I almost imagine a scenario where Tivo requires you give them your first born child to receive service. And if someone complained you would respond "well you should find a cable dvr with the same features of a Tivo that does not require you to give up your first born".


----------



## larrs (May 2, 2005)

bensonr2 said:


> The point of the 1 year commitment is for Tivo to offer a lower entry price for the unit but the customer agrees to a commitment to paying for service in exchange.
> 
> I already finished my 1 year commitment on my box.
> 
> ...


Pretty funny. 

However, I would doubt they won't do something for you. Lifetime service is probably still your best bet.


----------



## sharkster (Jul 3, 2004)

ITA that Lifetime is probably the way to go. I had my two Series 2 Tivos for almost 8 years and I could knock myself upside the head for not having purchased Lifetime on them.

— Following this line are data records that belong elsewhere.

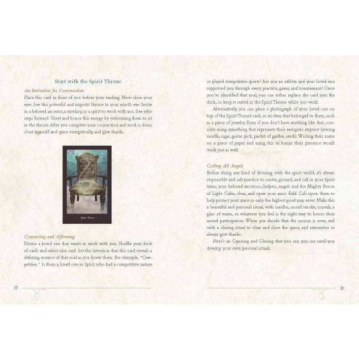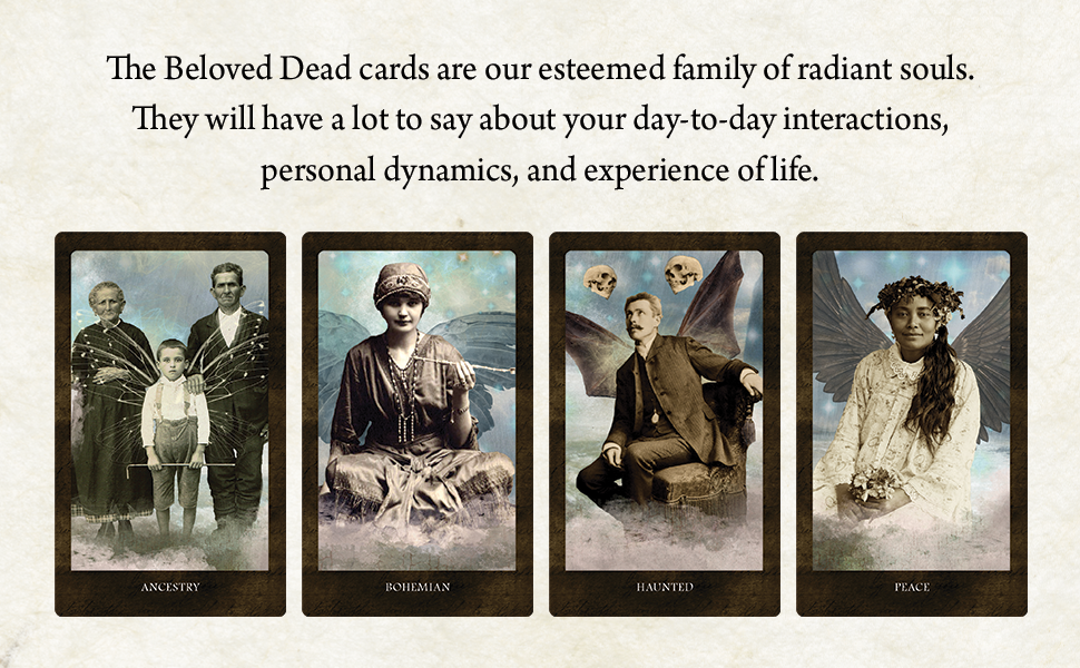 Jūsų kolektyvinė protėvių archetipų šeima laukia jūsų “The Beloved Dead”. Jie turės daug ką pasakyti apie jūsų kasdienį bendravimą, tarpasmeninę dinamiką ir vidinį gyvenimą. Užduokite mylimiems mirusiesiems klausimą ir užmegzkite ryšį su sąmone, kuri paliko žemės formą ir dabar gyvena energetiškai, kaip Dvasia. Kiekviena šioje kaladėje esanti dvasia yra ryški žvaigždyno žvaigždė, kuri nušviečia jūsų sielos užburtą kelią į neribotą potencialą. Tai jūsų globojančių ir vedančių protėvių balsai – dvasinių pagalbininkų, kurie supranta, kad kiekvieną minutę, kurią praleidžiate šioje uždangos pusėje, reikia atlikti didelį darbą. Kartais “The Beloved Dead” orakulo kortos simbolizuoja konkrečią sielą, gyvą ar dvasią; kartais jos gali perteikti patirtį, prisiminimą, įvykį ar perspektyvą ir visada pateikia žinią, susijusią su jūsų klausimo kontekstu.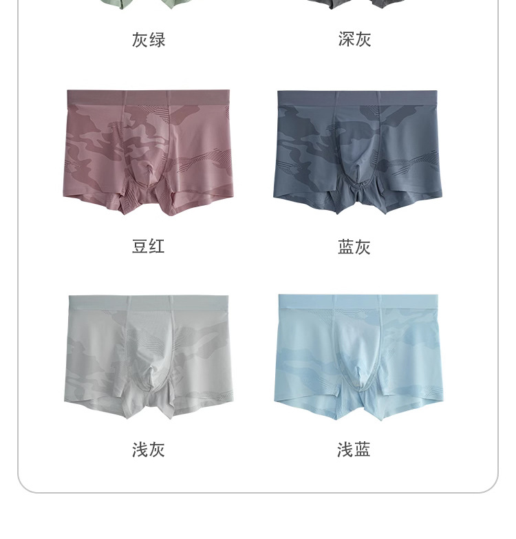 여름 남성 속옷 통기성 가볍고 무봉제 위장 무늬 아이스 실크 남성 사각팬티 편안한 사각반바지 아이스감스토어 가기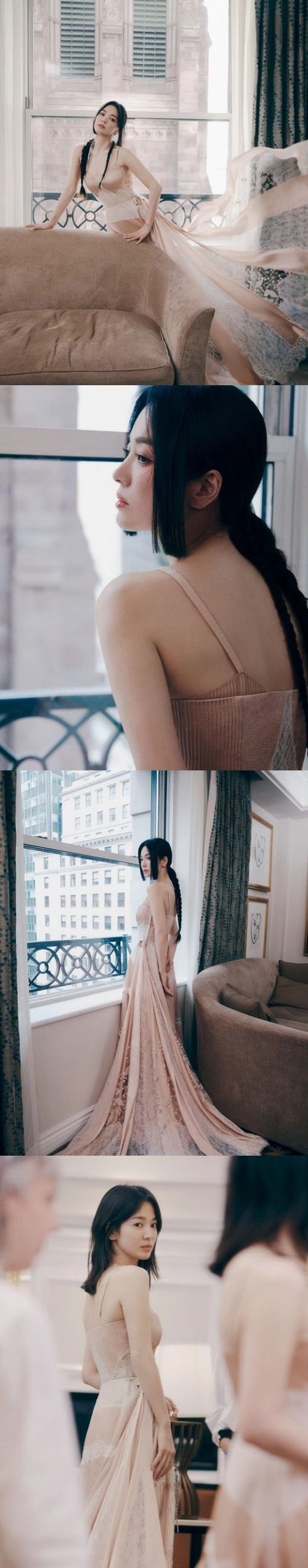 「女神」ソン・ヘギョ、シースルードレスからのぞく“輝く美肌” NYで見せた美貌が話題に 【PHOTO】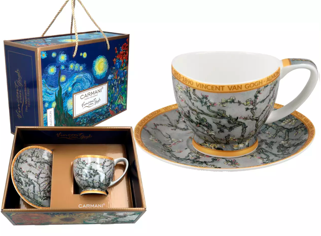 Filiżanka ze spodkiem Vanessa marki Carmani z motywem obrazu V. van Gogh’a z charakterystycznym wcięciem stanowi ozdobę każdego stołu. Filiżanka zachwyca nie tylko kształtem ale także zdobieniem. Zapakowana w ozdobne pudełko, dzięki czemu świetnie sprawdzi się jako prezent.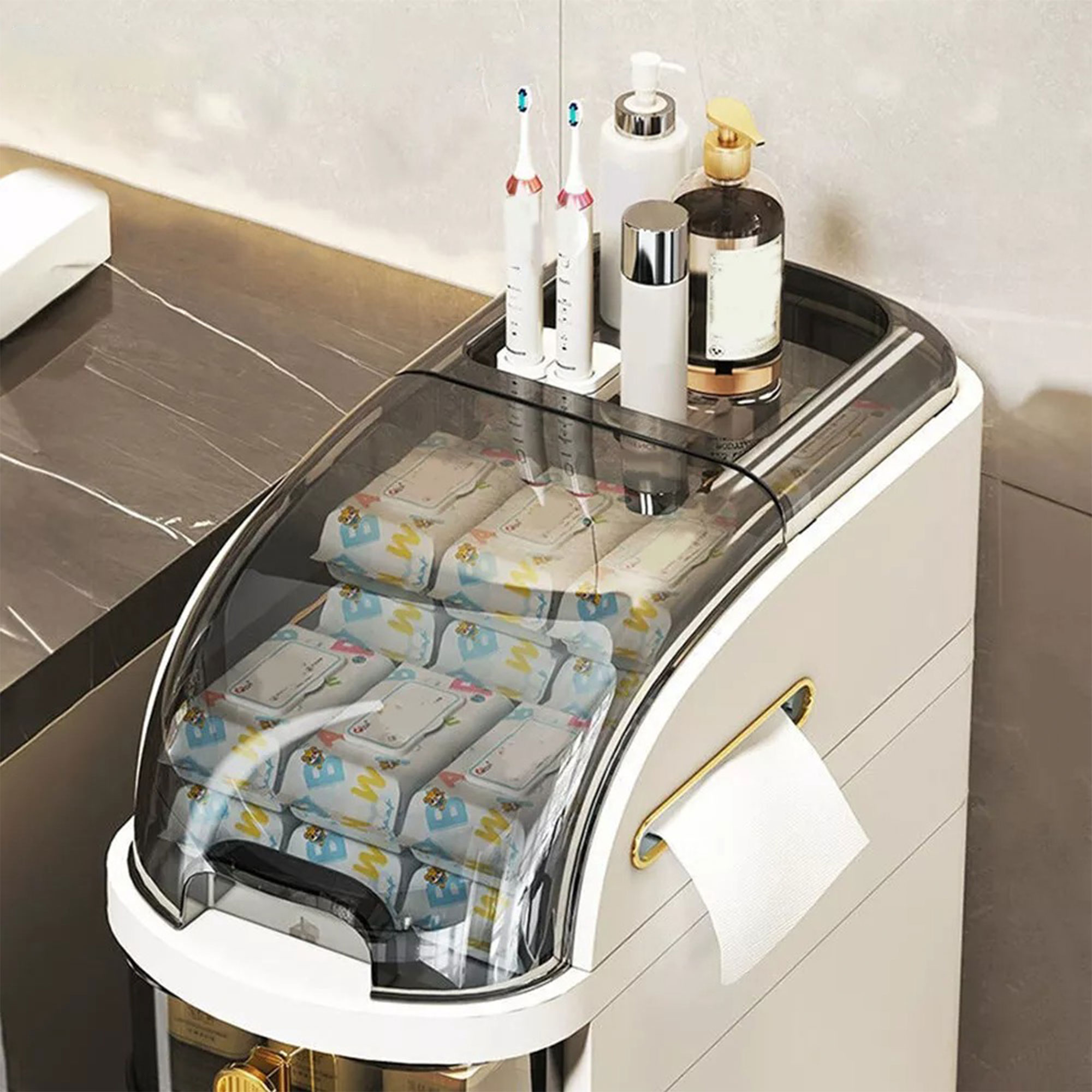 • منظم و خزانة الحمام

Meanwhile, last month I purchased two new Premieres to replace them and, at first (having a hard time swallowing the $400 price tag for EACH) I went with the one yr at $14.99 each per month.

I spent a week thinking about it and went back in and purchased Lifetime for both new machines. Paid for one this week and will pay off the other one next week. Done and done. It's a pile o cash but, if they last nearly as long as my two Series 2 lasted (actually they aren't dead but I started having a terminal problem with channel changing on both of them), I felt it was the smart thing to do. Shoulda done it the first time! I don't even want to add up how much I spent on service for my first two Tivos for almost 8 years - $12.99 for one and $6.99 for the other. Don't wanna know!


----------



## rainwater (Sep 21, 2004)

bensonr2 said:


> The point of the 1 year commitment is for Tivo to offer a lower entry price for the unit but the customer agrees to a commitment to paying for service in exchange.
> 
> I already finished my 1 year commitment on my box.
> 
> ...


Why don't you just switch to the new lower service plan if your commitment period is over? I'm not sure what the problem is here.


----------



## scandia101 (Oct 20, 2007)

rainwater said:


> Why don't you just switch to the new lower service plan if your commitment period is over? I'm not sure what the problem is here.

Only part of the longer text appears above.